Canto anche:”Involucro di carne traboccante d’umori, profumo dell’Eterno
che sgorga dall’abisso”.E’ che ognuno interpreta come vuole e, a ben
vedere, ognuno singolarmente è anche simpatico, davvero. Troppo spesso,
troppo facilmente convincibile, ahimé.

Capitano cose ben strane, da piangerne/riderne, quanto a
fraintendimenti. A volte ci sarebbe da scorarsi e accedere alla
clausura. Negli ultimi giorni sfoglio i quotidiani solo per prenderenota
degli appelli e delle firme. Lo trovo interessante e doveroso. Per la
prima volta, da che sono adulto, sono assolutamente d’accordo con la Cei
e ne sono felice oltre ogni dire. In pace con me, con la mia storia, con
i miei avversari che comunque giudico, con i miei nemici. Sarà quello
che i cittadini di questo Paese decideranno e credo che perderemo.Loro
sono così eccitanti e moderni e ben pensanti e noi così dimessi, un
po’ bacchettoni,un po’ sfigati e tanto, tanto oscurantisti.

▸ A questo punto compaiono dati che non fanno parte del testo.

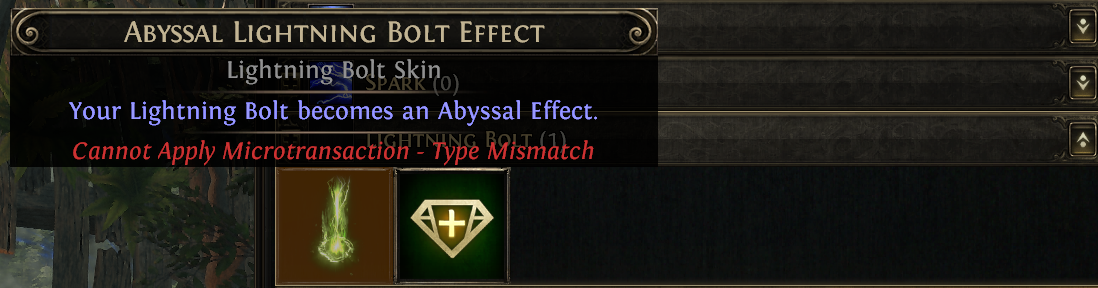 Hello. I bought the "Abyssal Lightning Bolt Effect" skill effect in the store, but it does not apply to the "Lightning Bolt" obtained from the amulet "Choir of the Storm, Jade Amulet", BUT it applies to the same skill obtained from the Voltaic Staff. Why? It's the same as the skills you get, I want my Lightning Bolt from the "Choir of the Storm" to be beautiful, please. Thank you.

Loro godono
e noi peniamo. Vuoi mettere l’oscuro profondo, umido e spaventosamente
irrazionale di una figa contro lo smagliante palcoscenico di un
laboratorio scientifico, l’abbaglio dei neon e la perfetta precisione di
un bisturi affilato in asettico brodo: vero desiderio! Mica quel residuo
arcaico d’un cazzo turgido, arraffone, impreciso e grossolano, si spera,
comunque grezzo.Vi penserò affollare i seggi elettorali Ho fatto un
patto con i miei animali, cani e cavalli al momento, ma spero di
aumentare. Se figliano è perché scopano, con chi gli piace tra ciò
che riescono a trovare. Non vorrei mai trattare un essere umano peggio
di come tratto la mia stalla. E’ tutto: sono insensibile ai piagnistei,
alle private dolorose storie, ai desideri ovvi. Tra la superstizione
religiosa, quella politica e quella scientifica, è quest’ultima,
adesso, la più folle, la più pericolosa. L’unica cosa che mi
intristisce è che qualcuno immagini me triste per poter pensare sé
felice. Mi prendo cura della mia famiglia, della stalla. Lavoro, studio
e prego ogni giorno. Ringrazio Dio della vita per quello che è. Per
una rosa, un gambo di spine: l’aroma va difeso con forza e per
bene.Domenica prossima e per metà lunedì sto in alta montagna. Al
sole, al vento, alla pioggia se piove e se tormenta alla neve e non mi
muovo. Ottima compagnia d’animali. Per dirne una: Nubia, cavallina di
montagna avanti negli anni, matrona della stalla. Per farsi scopare, un
mese fa, nel tempo del calore, si è fatta molto male, ferita da morire.
L’abbiamo curata. E’ già ariosa, figlierà? Sarebbe molto bello, mica
lo si pretende. Scopare ha scopato, si spera.

Lei, stronza e scorretta, alza la coda, l’arriccia, la tende, inarca il
collo al vento della sera. Ah desiderio! Inondami di primavera!
Dall’alto vi penserò affollare,laggiù nel plumbeo violaceo livido
delle piane, i seggi elettorali dei vostri esangui sterili,politicamente
corretti, desideri.

Io canto e ballo e rido e allegro mi dispero. Ebbro di vita, di vino, se
ne ho voglia (non me ne vergogno), di fumo, se me ne si fa prezioso
dono.Non so chi vincerà ma non temo. Questo è l’inizio di quello che
sarà: la maggior partedei conti è ancora a condono. Uhaaah! Mi auguro
in cuor mio ottimi nemici e lo sguardo benevolo, anche se corrucciato
che meriterebbe meglio e di più, di Dio.